Spis treści
- Liczba głowic nuklearnych rośnie
- Nowe technologie w służbie Pekinu
- Stosowanie siły, by osiągnąć swoje cele
- Potencjał wojskowy rośnie
- Są jednak problemy
- Korupcja poważny problem dla Chin
- Czy problemy gospodarcze utrudnią budowę armii?
- Chiny dążą do ustanowienia nowego porządku światowego
- "Przyjaźń" Chin i Rosji
Liczba głowic nuklearnych rośnie
Jak wynika z corocznego raportu Departamentu Obrony "Military and Security Developments Involving the People's Republic of China", Chińska Republika Ludowa (ChRL) zwiększyła liczbę posiadanych głowic jądrowych o 100, tym samym posiada już 600 głowic jądrowych i szacuje, że do 2030 r. ChRL będzie miała ponad 1000 głowic. Jak powiedział na briefingu prasowym Michael Chase, zastępca asystenta sekretarza obrony ds. Chin, Tajwanu i Mongolii: „w raporcie mówimy również nie tylko o ekspansji liczbowej, ale także o wzroście jakości”. „Mówimy o rosnącym zaawansowaniu technologicznym i rosnącej różnorodności chińskiego arsenału nuklearnego”. We wcześniejszych raportach, dekady temu, podobne raporty szczegółowo opisywały niewielki i przestarzały potencjał Chin w zakresie broni jądrowej. To się zmieniło, jak zwrócono uwagę.

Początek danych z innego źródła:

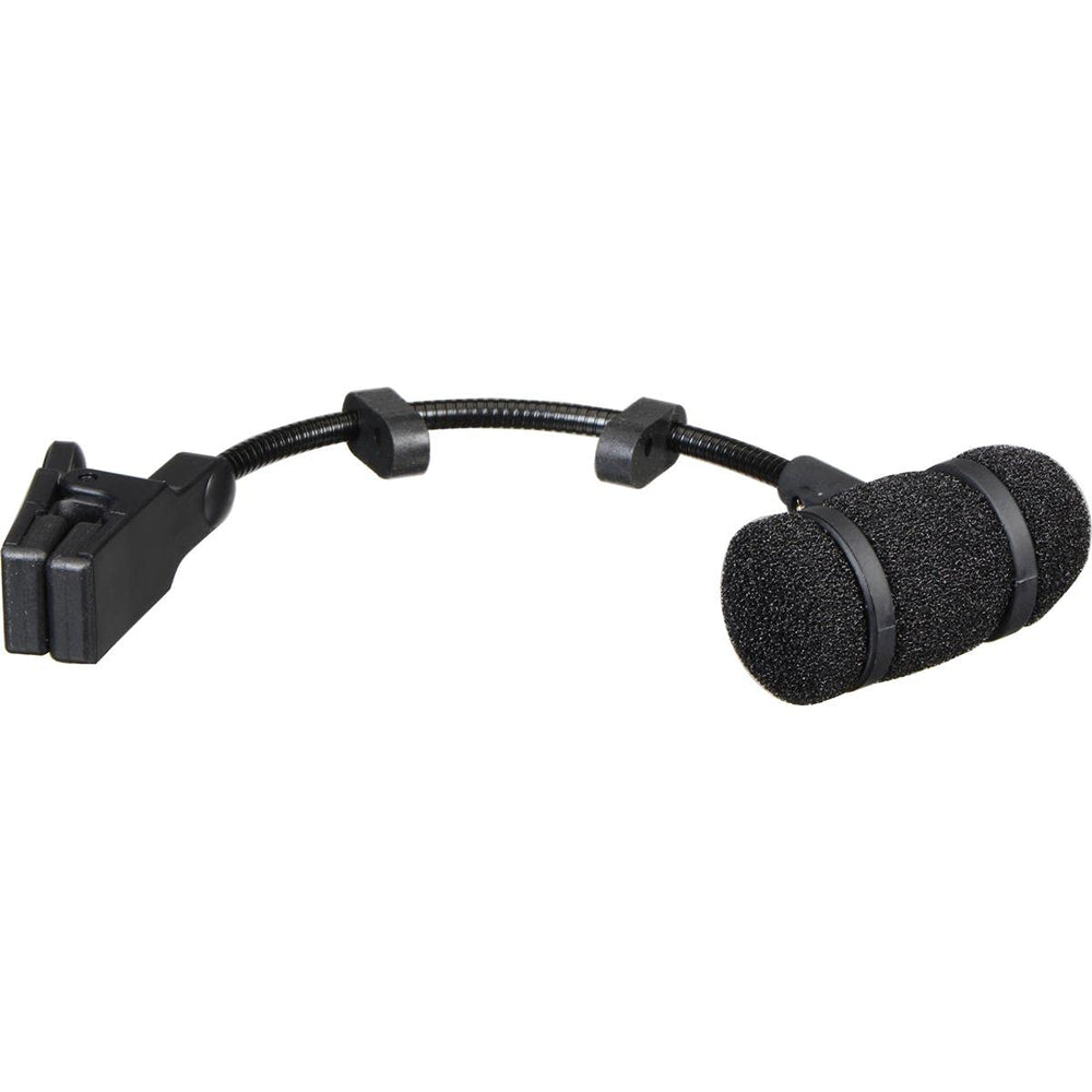- Rubber-grip spring clamp holds mic securely to instrument without marring the finish

Jak mówił dalej Michael Chase:
„To, co zaobserwowaliśmy z biegiem czasu, to fakt, że rozszerzyli się do triady nuklearnej, z marynarką wojenną posiadającą okręty podwodne z pociskami balistycznymi, prowadząc patrole, a siły powietrzne również odzyskały odstraszanie nuklearne i zdolności uderzeniowe, a bombowce są zdolne do przenoszenia pocisków nuklearnych”.
Wzrosła również różnorodność i możliwości, takie jak na przykład pociski zdolne do precyzyjnego uderzenia z głowicami nuklearnymi.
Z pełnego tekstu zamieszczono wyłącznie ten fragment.